2 minute read
Professor Mark McMillan
Deputy Pro Vice-Chancellor Indigenous Education and Engagement, RMIT University
My current position at RMIT is Deputy Pro-Vice Chancellor of Indigenous Education and Engagement, chair of the RMIT Academic Board, and University Council member. None of those things are responsible for reconciliation, but all of those things are responsible for reconciliation.
Wurrunggi Biik: Law of the Land initially started as a conversation about how New Academic Street (NAS) would inscribe or reflect what a redevelopment is supposed to do—tell a particular story about place and about the relationships that sit within it. The project officers and people who were involved with NAS articulated that the relationship with Aboriginal and Torres Strait Islander people and place was absent. This recognition reflected the development of NAS as an idea spanning 10 years and the maturing of the institution by the time NAS was in the final stages of completion.
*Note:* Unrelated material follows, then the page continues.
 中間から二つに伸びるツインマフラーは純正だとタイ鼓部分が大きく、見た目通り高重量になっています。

RMIT has moved into a positive sense of reconciliation about the future. We want to build active relationships between the Indigenous and non-Indigenous people. At RMIT there is not just the expectation but the institutional support and encouragement for people to situate themselves in the relationship of reconciliation. How do you commemorate or memorialise the relationship of place with Kulin today? Stacey Campton—as one of the principal drivers of reconciliation at RMIT—played a central role in addressing this question. As the driver of reconciliation at RMIT, she brought together the constellations of Grace, Jess, NAS, and Aboriginality more fully. Stacey and I worked with Jess and Grace to talk about the brief we put out to artists and creative practitioners. I distinctly remember a conversation I had with Grace where we said, ‘Let’s talk about Sovereignty as the root of reconciliation or Aboriginal Sovereignty itself’. That moment was the paradigm shift. We weren’t going to ask Indigenous creative practitioners merely to signal, but to explain their creative practice through Sovereignty. That was the change that I am most proud of, and most proud of being able to contribute to. It wasn’t just about what the finished piece would be, but about the ways we could signal relationship in the conception of creative practice. That’s where I got very excited.
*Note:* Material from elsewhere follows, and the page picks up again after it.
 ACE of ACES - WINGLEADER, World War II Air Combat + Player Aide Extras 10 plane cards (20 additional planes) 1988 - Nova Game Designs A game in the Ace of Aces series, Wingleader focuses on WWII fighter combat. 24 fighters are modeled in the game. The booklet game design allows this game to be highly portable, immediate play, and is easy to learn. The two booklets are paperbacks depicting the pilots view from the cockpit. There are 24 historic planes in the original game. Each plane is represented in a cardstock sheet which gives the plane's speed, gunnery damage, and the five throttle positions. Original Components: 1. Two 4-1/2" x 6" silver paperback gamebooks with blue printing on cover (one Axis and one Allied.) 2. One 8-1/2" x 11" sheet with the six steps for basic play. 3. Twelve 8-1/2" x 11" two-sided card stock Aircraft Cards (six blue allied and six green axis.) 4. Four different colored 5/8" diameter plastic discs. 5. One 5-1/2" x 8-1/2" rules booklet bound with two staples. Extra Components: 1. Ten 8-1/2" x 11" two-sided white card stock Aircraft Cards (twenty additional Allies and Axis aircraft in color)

For me, engagement with Indigenous students is more than knowing that it is important or performing a structural obligation. The practice of engagement is not about burdening Indigenous students with the question, ‘What do you know about Aboriginality?’ The process of the project invited them to engage with Country on their terms as Sovereigns.
Sovereignty isn’t a Western construct. It’s a word that in English is the bridge between practices. Non-Indigenous people have used Westphalian notions of Sovereignty for assertion of control and authority. On the other hand, Aboriginal pre-existing and continuing Sovereignties are about the relationships of authority and how that is organised around place. Sovereignty in the way that we use it here is the bridge between two ways of knowing. It’s about how we all relate to each other within a shared knowledge of place.
One cannot walk past Wurrunggi Biik: Law of the Land and it be rendered invisible. When you see the sculpture, you cannot help but be moved by it. It invites participation. I like to stop and watch other people’s reactions—there’s always a double take. In their busyness, people walk past the figure, but then they also notice that it’s not moving. I find the double take a powerful moment of real engagement of the viewer asking what the work is, beyond admiring it for its technical or aesthetic appeal. When you look down, you see how it has been put into the landscape. You notice the plating and the design of the plating that holds it in place. The bottom of the cloak is a representation of Bundjil, which is an invitation to be with place, with the knowledge of the conditions of which the welcome is made.
Pieces like this sculpture are designed to not merely represent, they’re designed to affect. Wurrunggi Biik: Law of the Land is a process of absolute affect.